Выбрать главу

— Чтобы открыть вора, Пеппе решил дать вам съесть по конфетке и запить старым монтепульчанским, и к этому мы сейчас приступим. Но при этом я должен вам сказать еще кое-что: лишь только вор положит в рот конфету, она сделается горькой, и такой горькой, что он должен будет выплюнуть ее. Хотите убедиться? Но, быть может, вор, чтобы не быть уличенным, добровольно сознается? Добрые люди, решайте же!

— Мы будем есть и пить, — почти хором ответили собравшиеся. Неопределенное волнение охватило этих простолюдинов. Все взглянули друг на друга испытующими взорами и улыбнулись с искусственной непринужденностью.

— Для этого опыта, — продолжал Пересмешник, — вы все должны стать в ряд, никто не должен уклоняться.

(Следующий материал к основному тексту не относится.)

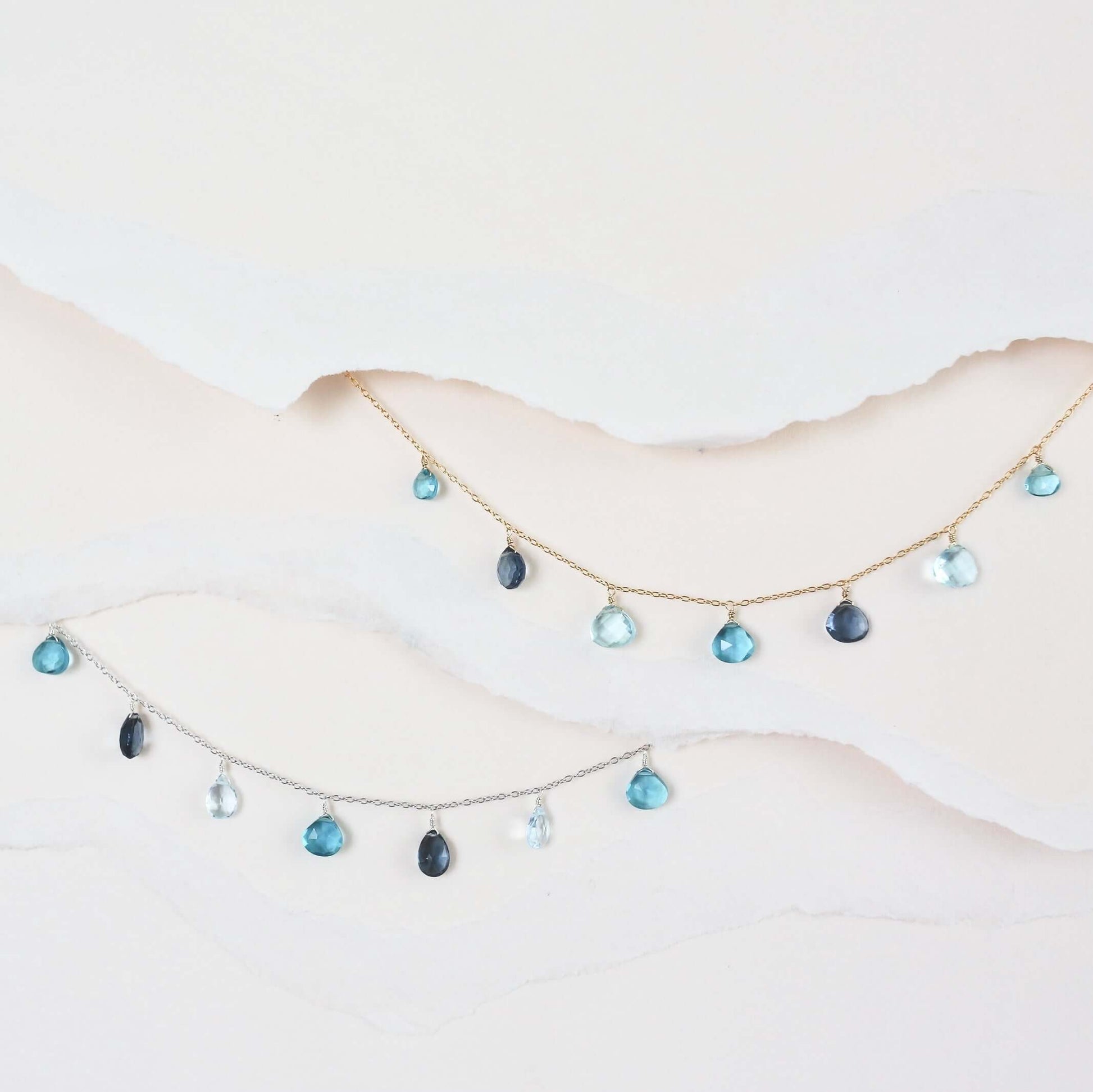 A lovely string of sparkling gems. Featuring Aquamarine, Iolite, and Aquamarine Blue Quartz gemstones, this 16-18" necklace comes with a 2" extender and a spring ring clasp. Handmade in our NYC studio with 14k gold plated over fine Italian silver, this gorgeous strand of gems stays tarnish-free. Plus, each gemstone's unique nature makes this necklace truly one-of-a-kind. Arrives effortlessly giftable in an exclusive gift box.

Когда все выстроились в шеренгу, он взял кувшин и стакан и начал разливать вино. Пересмешник подошел к одному концу шеренги и начал раздавать пилюли, которые хрустели между крепкими зубами крестьян и быстро исчезали. Когда очередь дошла до Пеппе, Пересмешник взял одну из «собачьих» конфет, предложил ему и продолжал свое дело, не возбудив ничьего подозрения.

Пеппе, который до сих пор не спускал с крестьян глаз, надеясь уличить кого-нибудь из них, быстро, почти с жадностью, вложил в рот пилюлю и собирался уже раскусить ее, но вдруг скулы у него поднялись чуть не до самых глаз, углы рта и виски покрылись морщинами, кожа носа собралась, подбородок слегка искривился, все черты лица выразили невольное отвращение, и видно было, как дрожь пробежала по его затылку и плечам. Язык его не мог перенести горечи алоэ, от желудка к горлу подступила судорога, помешавшая ему проглотить конфетку, и злополучный Пеппе вынужден был выплюнуть ее.

— Эге, Пеппе, что это значит? — заворчал Тулеспре деи Пассери, старый пастух коз, зеленый и волосатый, как болотная черепаха.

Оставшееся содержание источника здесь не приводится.